The second half of the film takes a twist, as Paul’s dream cameos become less benign, causing the public to turn on him. He’s soon “cancelled,” despite technically doing nothing wrong. His adorers become critics, and he can’t go into public without being harassed. Cage slyly conveys how devastating this is to the character. Everybody suddenly hates him, through no fault of his own. Even Janet turns on him.
Dream Scenario doesn’t necessarily say cancel culture is good or bad. It merely recognizes it as a real phenomenon – a bizarre byproduct of a culture that is (rightly) more enlightened about race, gender, and sexuality issues. Making others feel “uncomfortable” is a high crime in this day and age. Watching Paul make things worse for himself while trying to get out of this predicament creates very big laughs.

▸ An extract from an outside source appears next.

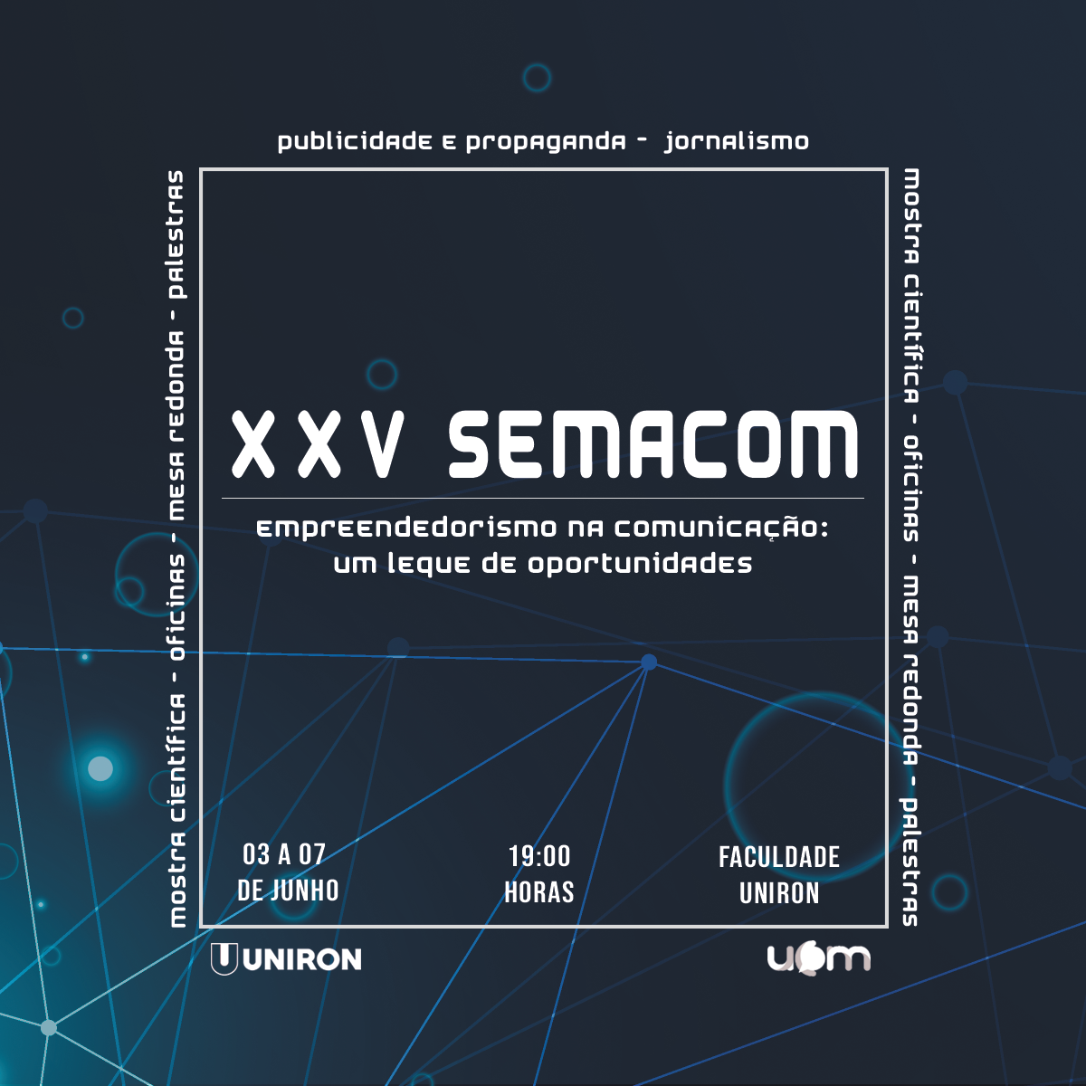 A XXV Semana de Comunicação dos Cursos de Jornalismo e Publicidade e Propaganda da Uniron acontecerá entre os dias 03 e 07 de junho, a partir das 19 horas, no auditório da Uniron, Campus Porto Velho Shopping.

Cage is extraordinary in the lead role, giving this guy a buffoonish side, yet also a vulnerable one. The funniest scene arrives when Paul agrees to seduce one of Trent’s employees, Molly (Shithouse’s Dylan Gelula), because she has sexual fantasies about him. The manner in which his attempt to screw a much younger woman goes south is uproarious. You feel bad for him, despite thinking he’s a doofus for attempting it in the first place. Such is the nature of the movie. It continually explores the way fame can bite people on the backside.
I wasn’t sure Borgli was going to find a satisfactory ending for this offbeat tale. He does. Dream Scenario wraps up on a perfect note that’s honest, yet strangely hopeful. 2023 has been a banner year for movies that are on the trippy side. This one has a satisfying emotional quality to compliment the plot’s quirkiness.
out of four
Dream Scenario is rated R for language, violence, and some sexual content. The running time is 1 hour and 42 minutes.